Dichomeris analoxa

Scientific classification
- Kingdom: Animalia
- Phylum: Arthropoda
- Class: Insecta
- Order: Lepidoptera
- Family: Gelechiidae
- Genus: Dichomeris
- Species: D. analoxa
- Binomial name: Dichomeris analoxa (Meyrick, 1911)
- Synonyms: Schematistis analoxa Meyrick, 1911;

= Dichomeris analoxa =

- Authority: (Meyrick, 1911)
- Synonyms: Schematistis analoxa Meyrick, 1911

Species of moth

Dichomeris analoxa is a moth in the family Gelechiidae. It was described by Edward Meyrick in 1911. It is found in South Africa.
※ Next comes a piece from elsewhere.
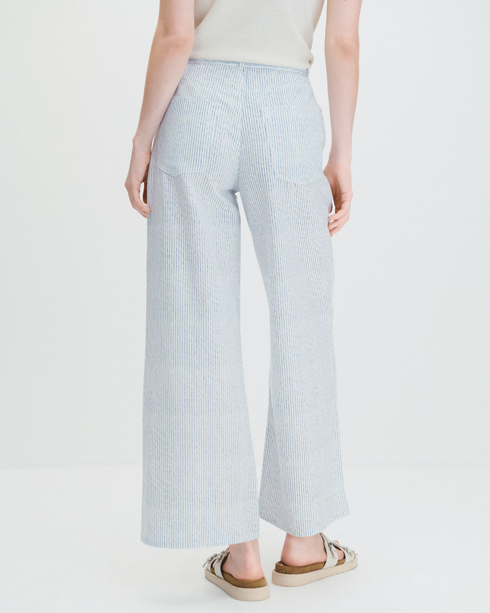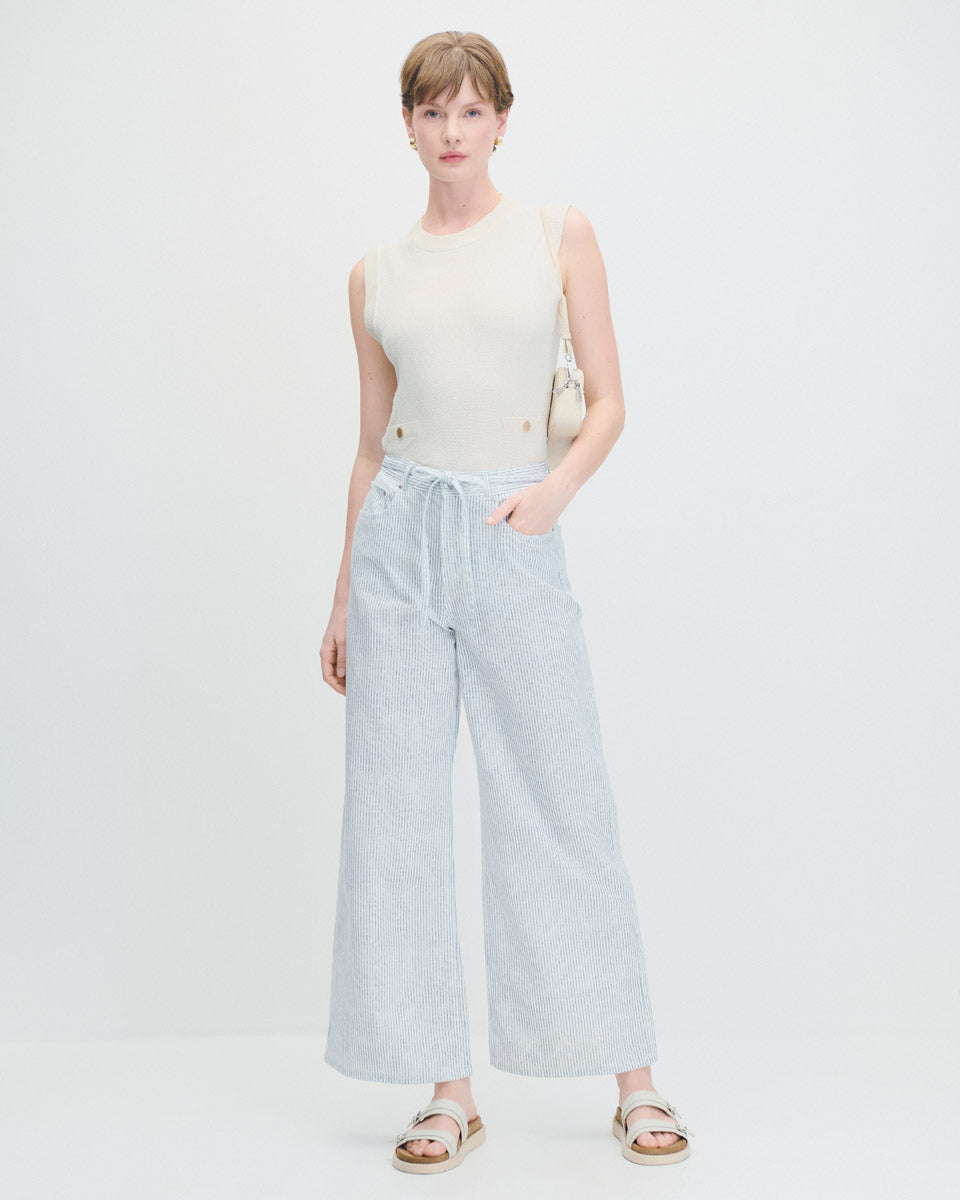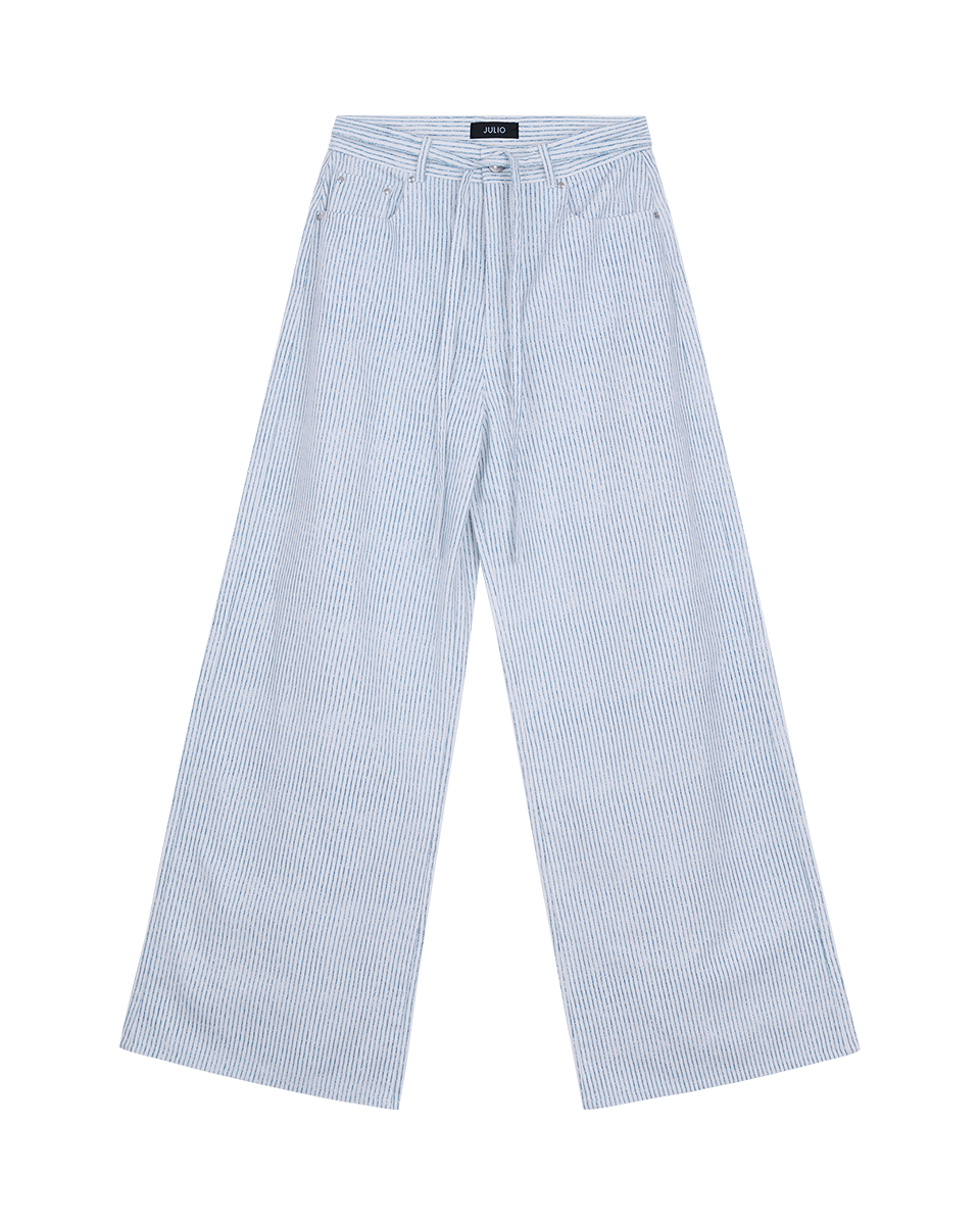 Pantalón Wide Leg Tiro Alto Tipo Jeans A Rayas Con Amarre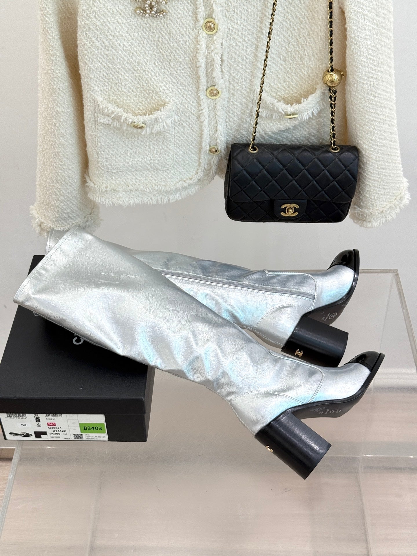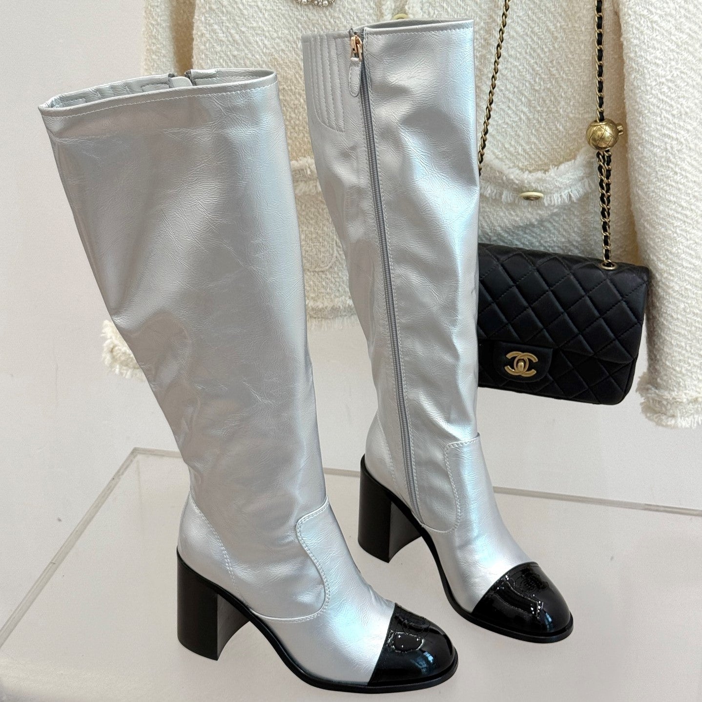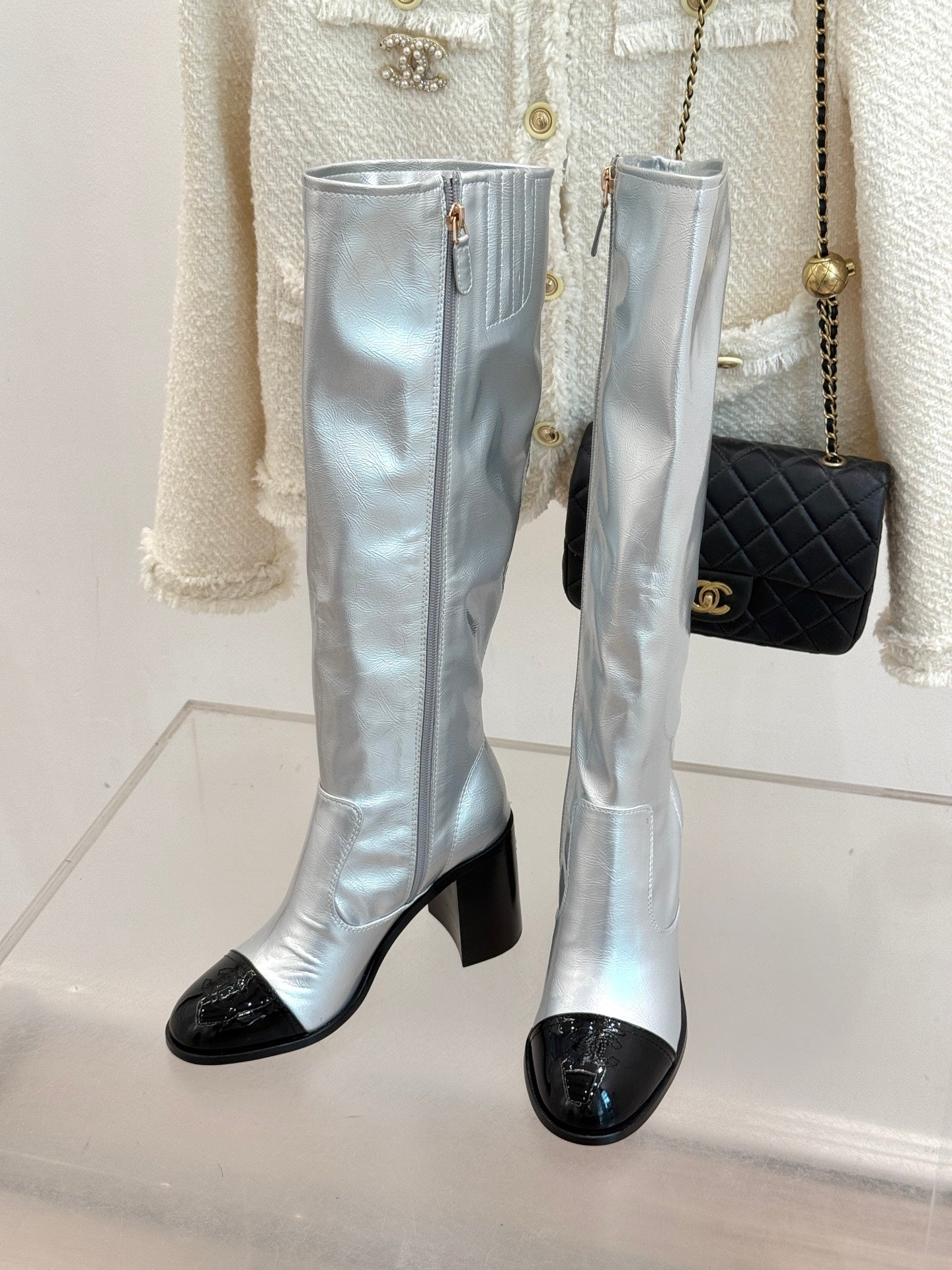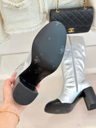 CC Classic Long Boots Block Heel 90mm Sliver Metalic Calfskin 465392

The wingspan is about 14 mm. The forewings are ashy grey, sprinkled with whitish and with the costal edge suffused with dark fuscous from the base to beyond the middle. There are three undefined fasciae of dark fuscous suffusion, the first broad, from the middle of the costa to the dorsum before the middle, obliquely
interrupted above the middle, the second narrow, from five-sixths of the costa to two-thirds of the dorsum, the third moderate, terminal, confluent with the second above the middle. The second discal stigma is dark fuscous. The hindwings are grey.